SUPPLIED INFORMATION:
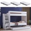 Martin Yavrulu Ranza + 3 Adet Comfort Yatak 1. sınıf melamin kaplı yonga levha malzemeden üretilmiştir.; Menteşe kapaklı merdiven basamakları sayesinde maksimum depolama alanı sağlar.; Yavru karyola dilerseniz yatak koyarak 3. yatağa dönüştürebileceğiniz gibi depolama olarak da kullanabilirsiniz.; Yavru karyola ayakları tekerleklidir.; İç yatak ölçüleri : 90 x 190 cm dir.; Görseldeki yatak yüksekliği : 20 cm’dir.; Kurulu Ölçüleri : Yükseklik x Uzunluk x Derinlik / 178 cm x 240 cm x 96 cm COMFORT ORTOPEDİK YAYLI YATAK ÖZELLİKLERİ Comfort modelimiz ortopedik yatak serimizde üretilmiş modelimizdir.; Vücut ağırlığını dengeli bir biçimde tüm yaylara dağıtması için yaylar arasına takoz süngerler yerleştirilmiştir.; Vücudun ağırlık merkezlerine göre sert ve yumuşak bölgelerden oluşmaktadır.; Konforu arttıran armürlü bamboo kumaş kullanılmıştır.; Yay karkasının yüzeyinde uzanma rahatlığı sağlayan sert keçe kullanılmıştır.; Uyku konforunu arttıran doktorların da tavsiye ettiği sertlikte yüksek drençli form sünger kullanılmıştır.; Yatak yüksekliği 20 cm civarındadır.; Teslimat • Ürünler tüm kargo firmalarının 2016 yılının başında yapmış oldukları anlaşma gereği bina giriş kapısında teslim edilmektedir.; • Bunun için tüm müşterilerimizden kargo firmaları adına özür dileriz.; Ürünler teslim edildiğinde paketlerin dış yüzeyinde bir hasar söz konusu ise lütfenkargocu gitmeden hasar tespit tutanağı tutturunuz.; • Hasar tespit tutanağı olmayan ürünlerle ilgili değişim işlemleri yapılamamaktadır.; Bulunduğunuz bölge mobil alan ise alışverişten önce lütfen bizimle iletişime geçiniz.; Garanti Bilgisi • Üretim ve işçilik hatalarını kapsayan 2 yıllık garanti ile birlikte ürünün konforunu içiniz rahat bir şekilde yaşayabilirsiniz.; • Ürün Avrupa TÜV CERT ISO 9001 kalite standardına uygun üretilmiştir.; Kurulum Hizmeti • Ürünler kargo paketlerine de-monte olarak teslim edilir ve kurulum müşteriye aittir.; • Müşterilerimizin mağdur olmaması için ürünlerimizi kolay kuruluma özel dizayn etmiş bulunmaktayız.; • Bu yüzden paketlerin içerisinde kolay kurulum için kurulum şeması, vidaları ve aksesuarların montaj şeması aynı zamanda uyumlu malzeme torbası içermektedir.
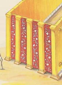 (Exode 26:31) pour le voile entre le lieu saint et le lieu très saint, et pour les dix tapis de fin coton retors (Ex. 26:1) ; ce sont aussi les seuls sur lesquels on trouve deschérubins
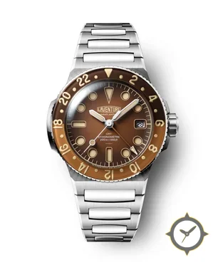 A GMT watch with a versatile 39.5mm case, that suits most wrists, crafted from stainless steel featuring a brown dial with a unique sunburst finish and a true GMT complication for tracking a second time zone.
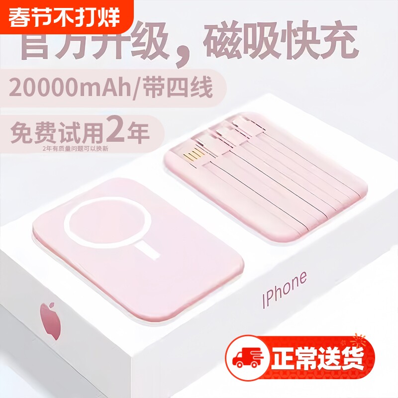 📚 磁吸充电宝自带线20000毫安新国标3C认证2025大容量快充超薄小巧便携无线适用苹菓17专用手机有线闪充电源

WHAT TO WORK ON:
Each line above should be written out again exactly, without any image.

SOLUTION BELOW:
 Martin Yavrulu Ranza + 3 Adet Comfort Yatak 1. sınıf melamin kaplı yonga levha malzemeden üretilmiştir.; Menteşe kapaklı merdiven basamakları sayesinde maksimum depolama alanı sağlar.; Yavru karyola dilerseniz yatak koyarak 3. yatağa dönüştürebileceğiniz gibi depolama olarak da kullanabilirsiniz.; Yavru karyola ayakları tekerleklidir.; İç yatak ölçüleri : 90 x 190 cm dir.; Görseldeki yatak yüksekliği : 20 cm’dir.; Kurulu Ölçüleri : Yükseklik x Uzunluk x Derinlik / 178 cm x 240 cm x 96 cm COMFORT ORTOPEDİK YAYLI YATAK ÖZELLİKLERİ Comfort modelimiz ortopedik yatak serimizde üretilmiş modelimizdir.; Vücut ağırlığını dengeli bir biçimde tüm yaylara dağıtması için yaylar arasına takoz süngerler yerleştirilmiştir.; Vücudun ağırlık merkezlerine göre sert ve yumuşak bölgelerden oluşmaktadır.; Konforu arttıran armürlü bamboo kumaş kullanılmıştır.; Yay karkasının yüzeyinde uzanma rahatlığı sağlayan sert keçe kullanılmıştır.; Uyku konforunu arttıran doktorların da tavsiye ettiği sertlikte yüksek drençli form sünger kullanılmıştır.; Yatak yüksekliği 20 cm civarındadır.; Teslimat • Ürünler tüm kargo firmalarının 2016 yılının başında yapmış oldukları anlaşma gereği bina giriş kapısında teslim edilmektedir.; • Bunun için tüm müşterilerimizden kargo firmaları adına özür dileriz.; Ürünler teslim edildiğinde paketlerin dış yüzeyinde bir hasar söz konusu ise lütfenkargocu gitmeden hasar tespit tutanağı tutturunuz.; • Hasar tespit tutanağı olmayan ürünlerle ilgili değişim işlemleri yapılamamaktadır.; Bulunduğunuz bölge mobil alan ise alışverişten önce lütfen bizimle iletişime geçiniz.; Garanti Bilgisi • Üretim ve işçilik hatalarını kapsayan 2 yıllık garanti ile birlikte ürünün konforunu içiniz rahat bir şekilde yaşayabilirsiniz.; • Ürün Avrupa TÜV CERT ISO 9001 kalite standardına uygun üretilmiştir.; Kurulum Hizmeti • Ürünler kargo paketlerine de-monte olarak teslim edilir ve kurulum müşteriye aittir.; • Müşterilerimizin mağdur olmaması için ürünlerimizi kolay kuruluma özel dizayn etmiş bulunmaktayız.; • Bu yüzden paketlerin içerisinde kolay kurulum için kurulum şeması, vidaları ve aksesuarların montaj şeması aynı zamanda uyumlu malzeme torbası içermektedir.
 (Exode 26:31) pour le voile entre le lieu saint et le lieu très saint, et pour les dix tapis de fin coton retors (Ex. 26:1) ; ce sont aussi les seuls sur lesquels on trouve deschérubins
 A GMT watch with a versatile 39.5mm case, that suits most wrists, crafted from stainless steel featuring a brown dial with a unique sunburst finish and a true GMT complication for tracking a second time zone.
 📚 磁吸充电宝自带线20000毫安新国标3C认证2025大容量快充超薄小巧便携无线适用苹菓17专用手机有线闪充电源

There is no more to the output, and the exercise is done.